What to produce:
Produce a word-for-word copy of the lines from the one that contains "為方便校內(nèi)師生進(jìn)行文" to the final line of the data below, with all pictures dropped.

(Records for processing begins)

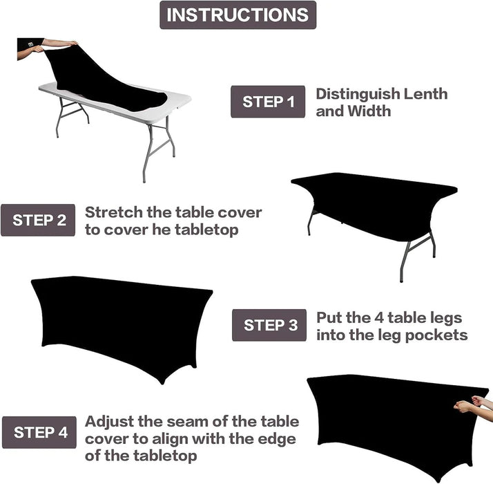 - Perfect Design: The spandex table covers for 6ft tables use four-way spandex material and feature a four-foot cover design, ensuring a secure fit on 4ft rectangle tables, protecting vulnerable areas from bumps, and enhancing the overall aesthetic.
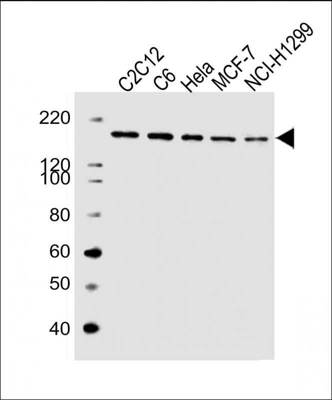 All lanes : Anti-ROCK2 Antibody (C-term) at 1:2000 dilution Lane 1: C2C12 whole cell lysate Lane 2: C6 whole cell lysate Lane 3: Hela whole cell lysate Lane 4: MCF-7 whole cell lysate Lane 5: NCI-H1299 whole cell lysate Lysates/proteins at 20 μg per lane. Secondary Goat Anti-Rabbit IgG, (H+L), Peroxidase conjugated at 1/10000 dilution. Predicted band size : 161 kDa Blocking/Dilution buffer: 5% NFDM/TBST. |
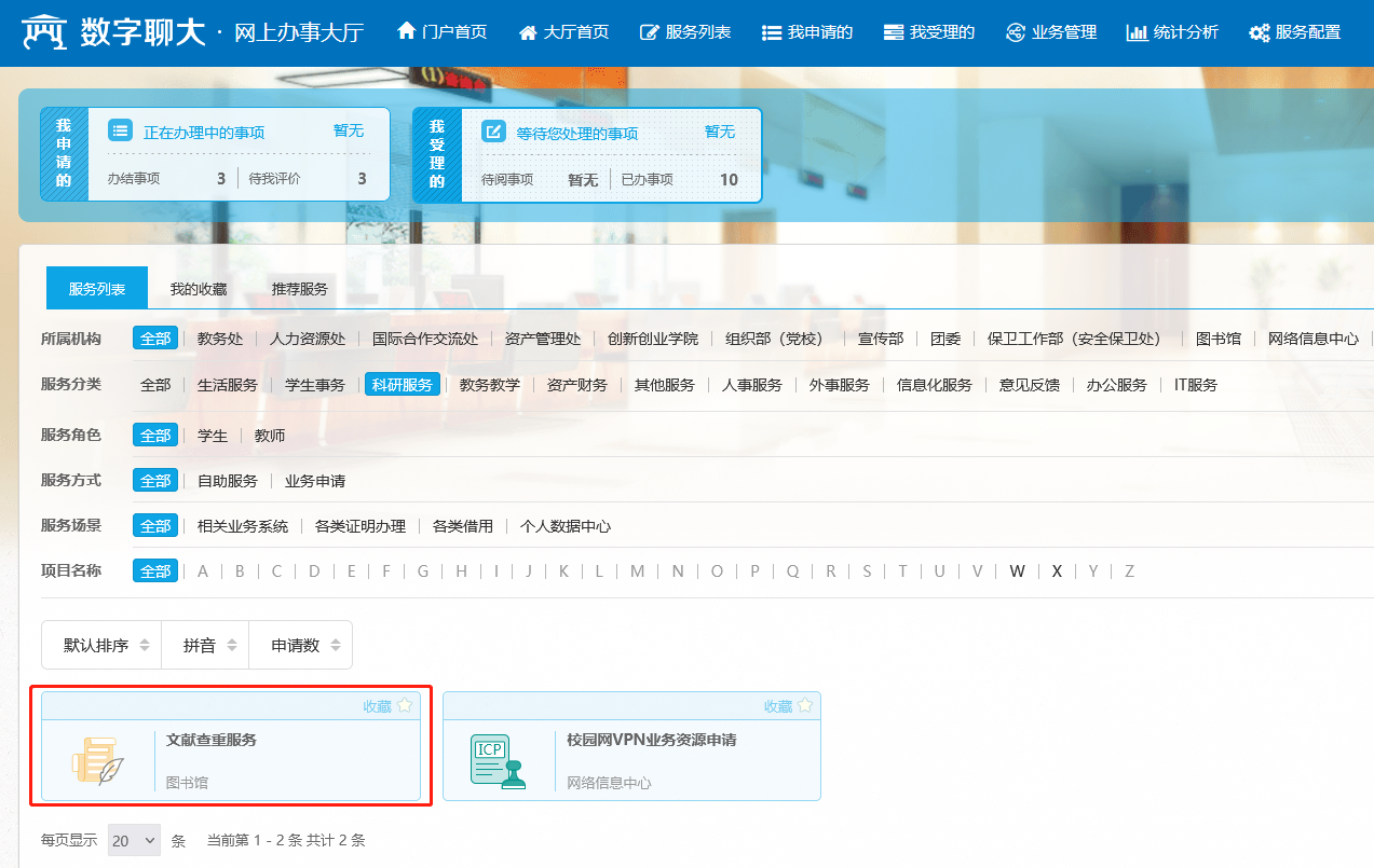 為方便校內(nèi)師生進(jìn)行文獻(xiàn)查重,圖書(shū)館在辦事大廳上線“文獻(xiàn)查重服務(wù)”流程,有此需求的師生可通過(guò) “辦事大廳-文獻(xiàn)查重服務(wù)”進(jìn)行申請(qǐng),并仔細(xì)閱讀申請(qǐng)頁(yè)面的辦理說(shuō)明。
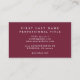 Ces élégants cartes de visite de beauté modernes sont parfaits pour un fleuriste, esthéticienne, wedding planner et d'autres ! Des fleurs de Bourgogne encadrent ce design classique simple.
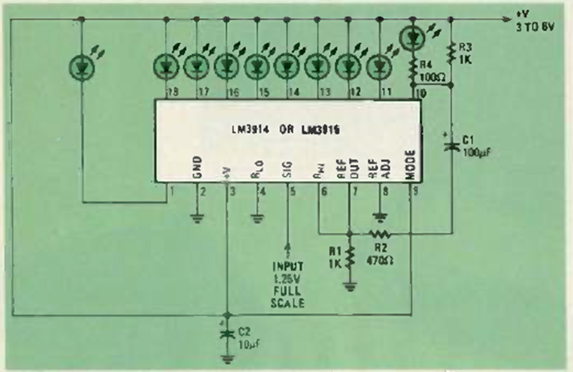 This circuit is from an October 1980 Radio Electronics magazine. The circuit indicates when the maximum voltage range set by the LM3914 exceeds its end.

(Records for processing ends)

Exercise answer:
 為方便校內(nèi)師生進(jìn)行文獻(xiàn)查重,圖書(shū)館在辦事大廳上線“文獻(xiàn)查重服務(wù)”流程,有此需求的師生可通過(guò) “辦事大廳-文獻(xiàn)查重服務(wù)”進(jìn)行申請(qǐng),并仔細(xì)閱讀申請(qǐng)頁(yè)面的辦理說(shuō)明。
 Ces élégants cartes de visite de beauté modernes sont parfaits pour un fleuriste, esthéticienne, wedding planner et d'autres ! Des fleurs de Bourgogne encadrent ce design classique simple.
 This circuit is from an October 1980 Radio Electronics magazine. The circuit indicates when the maximum voltage range set by the LM3914 exceeds its end.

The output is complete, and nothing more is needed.